– Чего это? – удивляется.
– На демонстрацию он вышел. Со студентами. Отец в участок ходил – говорил с приставом.
– Откупился, что ли? Да-а, – мечтает, – хорошие были времена…
– Чай пить сели, а отец снова: «Знаю я твоих мужиков. Повидал на своем веку, и вот чего скажу: жиды-то хоть за деньги Бога продали, а наш мужик, если доведется, так – за шиш. Из куража одного или по пьяни. И хвастаться еще будет, как ловко-то… А все потому, что не верует, а боится. И страх свой за веру принимает. Вот и бьются страх с куражом. Кто кого одолеет, то и будет. Пока что, – говорит, – держит страх. А страх уйдет – все и рухнет. Да как еще посыпется: только успевай!»
А брат ему: «Страх, папаша, унижает человека. А мужик – тоже человек. Это, – говорит, – закон логики…» Отец блюдце отставил. «Эх, – вздыхает, – плохо же вам придется. У мужика одна правда: отцы-деды делали, и мы будем делать. А деды-то, может, разбойники с большой дороги… Души губили невинные… Вот, – палец воздел, – в Писании-то сказано: отрицают слово Божие ради преданий старцев. Это, – говорит, – про них».
– Ну, – Евдокия слушает, – а брат-то?
Ариадна кочергу взяла. В печке шевелит. Пламя веселое, высокое. Жар сухой.

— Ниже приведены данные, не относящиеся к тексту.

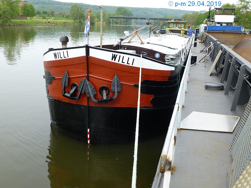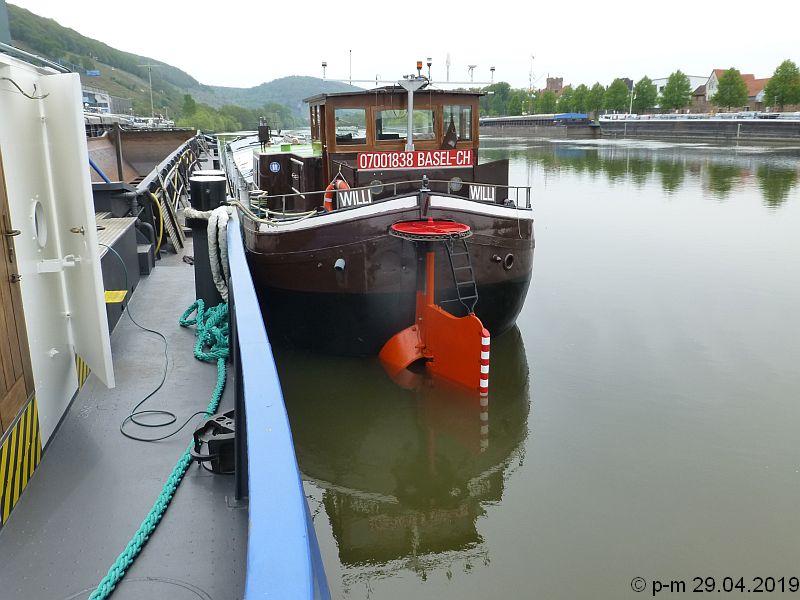 @ McRonalds: Nach der Einwasserung vom 29. April 2019 musste die Werft noch Schweissarbeiten im Maschinenraum ausführen, dazu durfte WILLI auf Seit der Motorklappschute DOMARIN 34 (ex MS 91) am sog. Ausrüstungsquai liegen. Bei dieser Gelegenheit konnte ich Fotos machen; schau hier.

Слезы сами высыхают.
– Расправились с ним. В семнадцатом. Волнение было в казармах. Офицеры у себя отсиживались – боялись выйти. А он: «Пойду, – говорит, – побеседую с солдатиками. Я для них не чужой». На бочку влез. «Братцы! Братцы!» – кричит. А они его за ноги… Нам ведь не сразу сообщили, потом. Отец как узнал, всю ночь не присел, так по комнате и ходил. «Говорил ему, говорил дураку», – бормочет. А наутро слег: ноги отказали. «Не чую, – говорит, – ног…»
Гликерия в кухню вышла. «Антонина-то чего говорит: деньги вроде отменят. Уже вот-вот».

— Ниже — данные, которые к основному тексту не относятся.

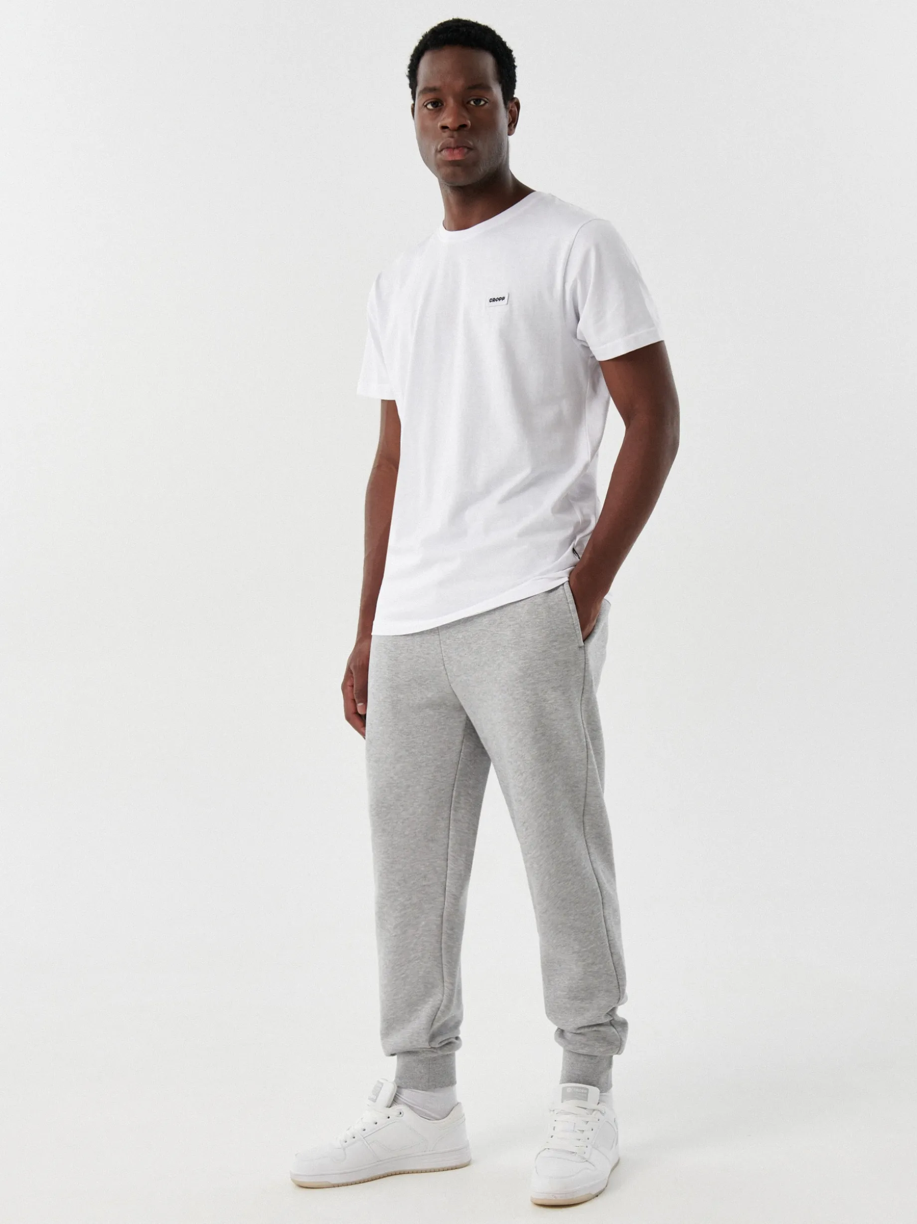 Męskie spodnie dresowe, uszyte z dzianiny o wysokiej zawartości bawełny. luźny, komfortowy krój regularny stan gumka i sznurek w pasie długa nogawka, zakończona ściągaczem trzy kieszenie dostępne w innych kolorach Rozmiar ubrania: M Wzrost modela: 187 cm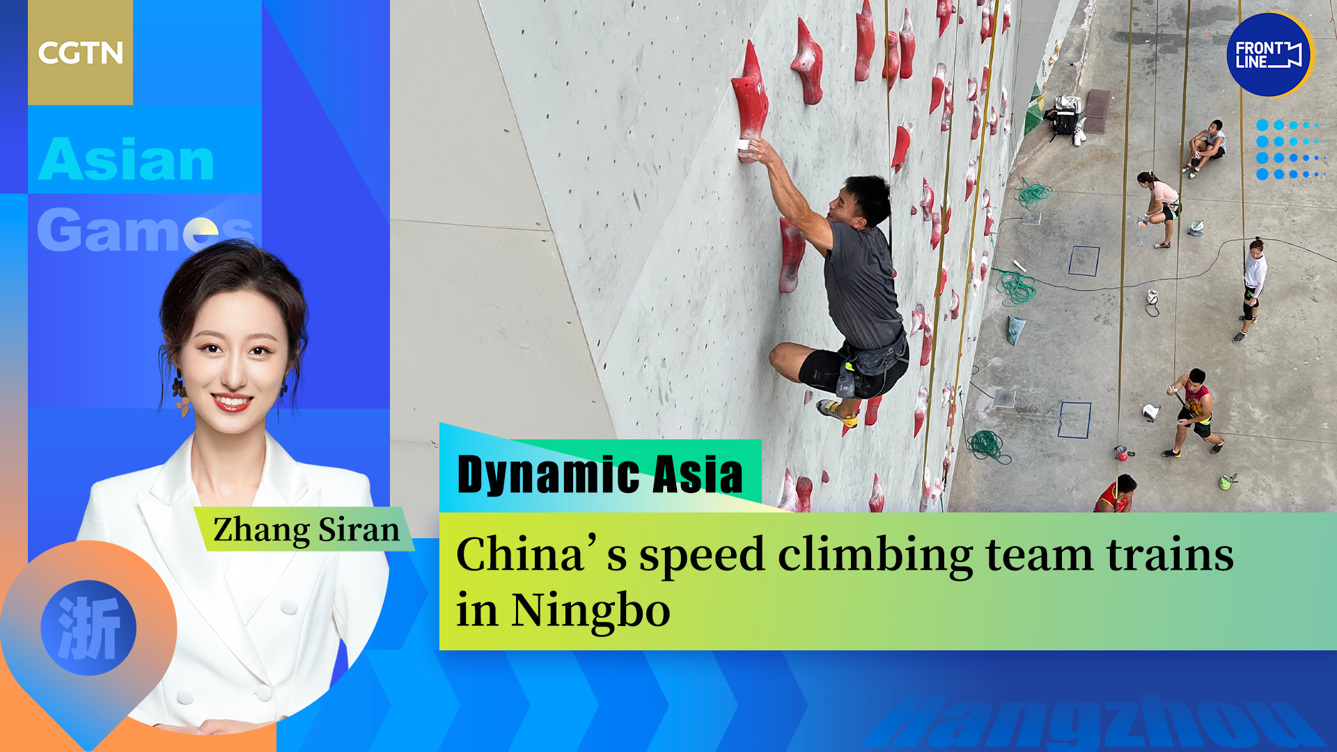 With less than a month to go before the Hangzhou Asian Games, China's speed climbing team has begun training for the big event. CGTN's Zhang Siran spoke to athletes Long Jinbao and Deng Lijuan at the training base in Ningbo.

Евдокия от печки оборачивается: «Как отменят?! Опять, что ли, реформа?.. Когда ж объявили? В магазин-то вчера ходила… Крупу уж всю бы смели…» – «Нет, – объясняет. – Это им на заводе рассказывали…» – «На каком еще, – за сердце взялась, – заводе? На завод-то не ходит. Третий месяц как не встает…»

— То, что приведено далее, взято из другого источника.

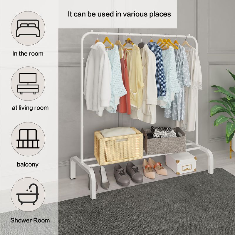 HOGARAMOBLAMIENTOMUEBLES DE DORMITORIOJIUYOTREE Perchero de metal para ropa, 43.3 pulgadas con estante inferior para colgar ropa, abrigos,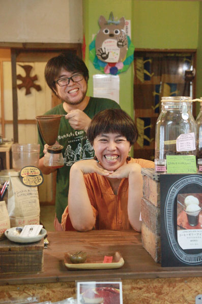 - 本部町の市場にあるカフェを経営している夫婦の写真です。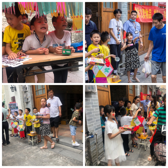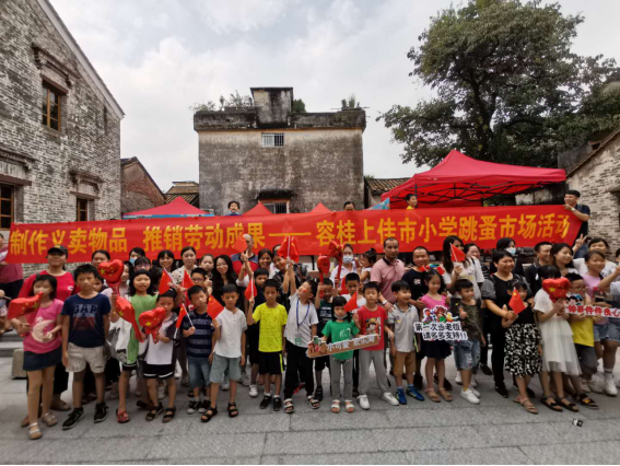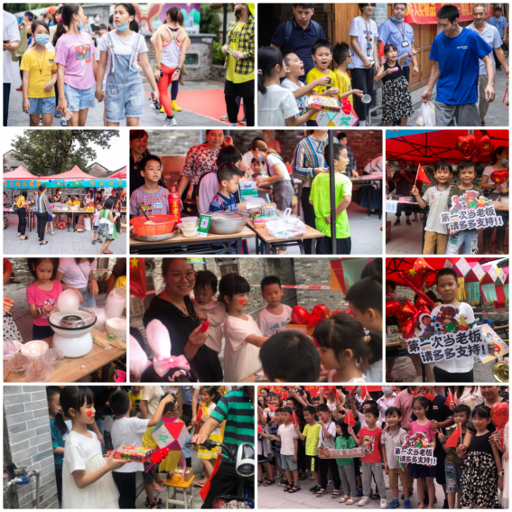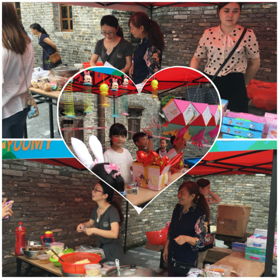 9點整,隨著七彩氣球破繭而出、直沖云霄,云里墟正式啟動。作為本次墟市的重頭戲之一,上佳市小學(xué)在楊連生故居內(nèi),開展公益跳蚤市場活動。學(xué)生與家長們齊動手,制作義賣物品,推銷自己的勞動成果。有賣各種食品的、有賣燈籠的、有賣各種飾品的、有賣書本文具的......各種商品,琳瑯滿目。一群可愛的小朋友不斷吆喝,想盡辦法把自己的物品推銷出去,真正體驗了一次“小鬼當家”做老板的滋味。這里成了歡樂的海洋,賣家與買家各取所需,我淘我樂,溫情傳遞。

«Боже мой, – Ариадна побледнела, – наши деньги… Столько не обменяют. Снова один к десяти…»
«Так, – Гликерия сказать им пытается, – это же…»
«Вон оно что! – Евдокия кочергу кинула. – Антиквар-то не взятку сунул. От бумажек пустых избавился. А мы-то… Всё. – На табуретку села. – Конец. Так. – Подняться старается. – Мешки давайте готовьте. Консервов каких взять, если чего осталось. С утра небось побежали. Может, хоть рыбных… Как их – эти-то – крабы…»
«Да нету, – Гликерия чуть не плачет, – никакой реформы. Вроде как будущее ихнее: рай… В телевизоре им показывают. Антонина, страдалица, и мечтает…»
«Чего!? – замерла. – Какой для них рай? Им-то известная дорога…» – «Да они ж, – Ариадна подхватывает, – и сами не верят». – «Как это? – Гликерия возражает. – В рай-то все верят. Вон на демонстрациях: тряпки свои, демоны, таскают. Я когда еще думала: заместо хоругвей».
«Так чего? – Евдокия хмурится. – Демоны, они и есть демоны. Значит – бесы. И хоругви у них бесовские». – «Так бесы-то, – торжествует, – тоже помнят про рай».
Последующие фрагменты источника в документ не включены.